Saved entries
Content starts
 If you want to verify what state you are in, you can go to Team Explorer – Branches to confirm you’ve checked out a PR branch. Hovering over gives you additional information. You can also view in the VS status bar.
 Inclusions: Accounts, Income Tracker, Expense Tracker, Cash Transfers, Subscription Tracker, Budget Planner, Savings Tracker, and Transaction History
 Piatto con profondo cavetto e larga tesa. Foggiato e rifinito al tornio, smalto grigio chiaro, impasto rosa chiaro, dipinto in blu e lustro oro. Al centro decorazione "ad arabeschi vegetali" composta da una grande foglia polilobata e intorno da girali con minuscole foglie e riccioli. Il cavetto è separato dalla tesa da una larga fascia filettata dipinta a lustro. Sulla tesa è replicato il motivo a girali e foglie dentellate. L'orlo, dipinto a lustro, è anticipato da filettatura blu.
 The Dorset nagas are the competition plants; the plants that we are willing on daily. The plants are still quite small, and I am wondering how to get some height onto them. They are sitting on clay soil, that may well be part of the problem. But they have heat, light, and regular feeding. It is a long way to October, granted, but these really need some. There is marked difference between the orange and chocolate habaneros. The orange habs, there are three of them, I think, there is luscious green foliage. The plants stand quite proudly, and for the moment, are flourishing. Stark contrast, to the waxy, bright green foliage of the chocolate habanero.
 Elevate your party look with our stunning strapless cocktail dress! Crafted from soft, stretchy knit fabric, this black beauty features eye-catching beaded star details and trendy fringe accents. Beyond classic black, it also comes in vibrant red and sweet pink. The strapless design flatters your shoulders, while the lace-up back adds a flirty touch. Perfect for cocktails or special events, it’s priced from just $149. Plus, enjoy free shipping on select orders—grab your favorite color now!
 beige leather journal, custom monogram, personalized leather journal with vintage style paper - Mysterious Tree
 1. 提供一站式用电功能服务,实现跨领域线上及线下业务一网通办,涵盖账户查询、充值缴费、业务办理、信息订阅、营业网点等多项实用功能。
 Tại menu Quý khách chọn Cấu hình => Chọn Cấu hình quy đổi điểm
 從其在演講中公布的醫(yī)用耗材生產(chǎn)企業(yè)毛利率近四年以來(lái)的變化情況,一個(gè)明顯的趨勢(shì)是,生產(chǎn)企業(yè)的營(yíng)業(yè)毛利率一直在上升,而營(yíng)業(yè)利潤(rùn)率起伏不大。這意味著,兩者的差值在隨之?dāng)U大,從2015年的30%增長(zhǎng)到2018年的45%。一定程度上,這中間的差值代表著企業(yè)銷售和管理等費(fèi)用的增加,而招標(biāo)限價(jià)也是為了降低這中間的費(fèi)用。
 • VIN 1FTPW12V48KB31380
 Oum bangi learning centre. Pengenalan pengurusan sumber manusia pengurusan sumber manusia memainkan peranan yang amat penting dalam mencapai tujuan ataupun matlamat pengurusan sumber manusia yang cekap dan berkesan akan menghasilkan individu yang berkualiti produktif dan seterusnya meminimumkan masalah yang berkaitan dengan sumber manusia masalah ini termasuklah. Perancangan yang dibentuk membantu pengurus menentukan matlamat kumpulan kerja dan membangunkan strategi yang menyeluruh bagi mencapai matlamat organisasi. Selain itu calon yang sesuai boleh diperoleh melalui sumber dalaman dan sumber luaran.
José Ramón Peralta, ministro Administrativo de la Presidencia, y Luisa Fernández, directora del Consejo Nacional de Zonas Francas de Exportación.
Content ends
Exercise details — Take the stretch of lines above from the one containing "Tại menu Quý" through the one containing "Oum bangi learning" and repeat it exactly, adding no other line.

Final answer —
 Tại menu Quý khách chọn Cấu hình => Chọn Cấu hình quy đổi điểm
 從其在演講中公布的醫(yī)用耗材生產(chǎn)企業(yè)毛利率近四年以來(lái)的變化情況,一個(gè)明顯的趨勢(shì)是,生產(chǎn)企業(yè)的營(yíng)業(yè)毛利率一直在上升,而營(yíng)業(yè)利潤(rùn)率起伏不大。這意味著,兩者的差值在隨之?dāng)U大,從2015年的30%增長(zhǎng)到2018年的45%。一定程度上,這中間的差值代表著企業(yè)銷售和管理等費(fèi)用的增加,而招標(biāo)限價(jià)也是為了降低這中間的費(fèi)用。
 • VIN 1FTPW12V48KB31380
 Oum bangi learning centre. Pengenalan pengurusan sumber manusia pengurusan sumber manusia memainkan peranan yang amat penting dalam mencapai tujuan ataupun matlamat pengurusan sumber manusia yang cekap dan berkesan akan menghasilkan individu yang berkualiti produktif dan seterusnya meminimumkan masalah yang berkaitan dengan sumber manusia masalah ini termasuklah. Perancangan yang dibentuk membantu pengurus menentukan matlamat kumpulan kerja dan membangunkan strategi yang menyeluruh bagi mencapai matlamat organisasi. Selain itu calon yang sesuai boleh diperoleh melalui sumber dalaman dan sumber luaran.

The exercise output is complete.